I found the manuscript to be well written, and the methods and conclusions to be scientifically sound. I find this manuscript appropriate to be published in Insects. I have only the following minor comments:

There appear to be font style/color shifts at several points throughout the manuscript. I am not sure whether this was in the original submitted manuscript or is an artifact of the formatting done at the journal prior to sending out for review.

This has been corrected.

·        The Statistical Analyses section of the Materials and Methods is not sufficient in my opinion. For example, it states that ANOVA was used, but does not indicate what post-tests (i.e. multiple-comparisons) were used, and if multiplicity-adjusted p-values are what are being reported.

The statistical analysis section has been modified for clarity.

·        Statistically significant comparisons between mosquito populations is not noted on the figures themselves.
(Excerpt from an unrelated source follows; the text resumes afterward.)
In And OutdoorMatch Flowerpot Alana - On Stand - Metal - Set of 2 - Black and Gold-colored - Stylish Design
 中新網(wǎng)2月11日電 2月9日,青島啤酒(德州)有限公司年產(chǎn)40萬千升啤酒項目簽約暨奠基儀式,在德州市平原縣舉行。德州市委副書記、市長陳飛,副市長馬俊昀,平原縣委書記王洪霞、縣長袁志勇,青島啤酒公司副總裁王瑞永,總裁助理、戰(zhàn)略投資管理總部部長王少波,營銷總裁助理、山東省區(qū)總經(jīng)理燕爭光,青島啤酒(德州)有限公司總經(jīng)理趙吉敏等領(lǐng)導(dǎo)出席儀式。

Though correctly noted in the text, and in general relatively easy to determine by eye, it would aid if visual indication of statistically significant comparisons were made on the figures themselves.

The statistical comparisons have been stated more clearly in the figure legends.
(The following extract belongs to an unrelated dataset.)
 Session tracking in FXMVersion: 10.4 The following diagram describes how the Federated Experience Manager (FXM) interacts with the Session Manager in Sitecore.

·        It is not obvious in Fig 2 what the p-values at the bottom of the chart are indicating, as they are both indicating different measurements. Below the R99659 header, the p-value appears to indicate the difference in virus titers between mosquitoes, while under the LR2006 header, the p-value indicates the non-significant difference in the prevalence (TER) of virus in the saliva. While this is indicated (albeit, somewhat confusingly) in the text, it could be more clearly defined in the figure itself. Related to this, the use of the term TER in lines 171-173 and 176-179 is confusing, because one is in relation to the TER itself (prevalence), and the other is in relation to the titer. I would suggest removing the term TER from lines 176-179 to avoid any confusion, as at first glance the two sentences appear to contradict one another (“…no significant differences in TER” vs. “significant differences in TER…”).

This section has been reworded for clarity.

·        Table 1 could benefit from Headers above the tables themselves, as opposed to relying on the order given in the caption to determine which table is which.

Corrected. See response to reviewer 1.

·        Line 275: Are these published or unpublished observations? If published, a citation is warranted, if not, a note that they are unpublished observations should be made.

Unpublished observations; added.

·        Line 338: “…have been reported fhat” should be “…that”.

Corrected.

·        Lines 305-311: It is stated here that the NJ population of Ae. albopictus is likely to be a less competent vector of CHIKV, and I agree that is possible, since a lower titer of virus in saliva would presumably (though not definitively) decrease the likelihood of transmission to/infection of the vertebrate host. However, with regards to how the authors actually measure vector competence, the NJ population is equally as competent as the other Ae. albopictus populations and the Ae. aegypti population (as detailed in Table 1), at least for the LR2006 virus. 

This has been addressed lines 313-314.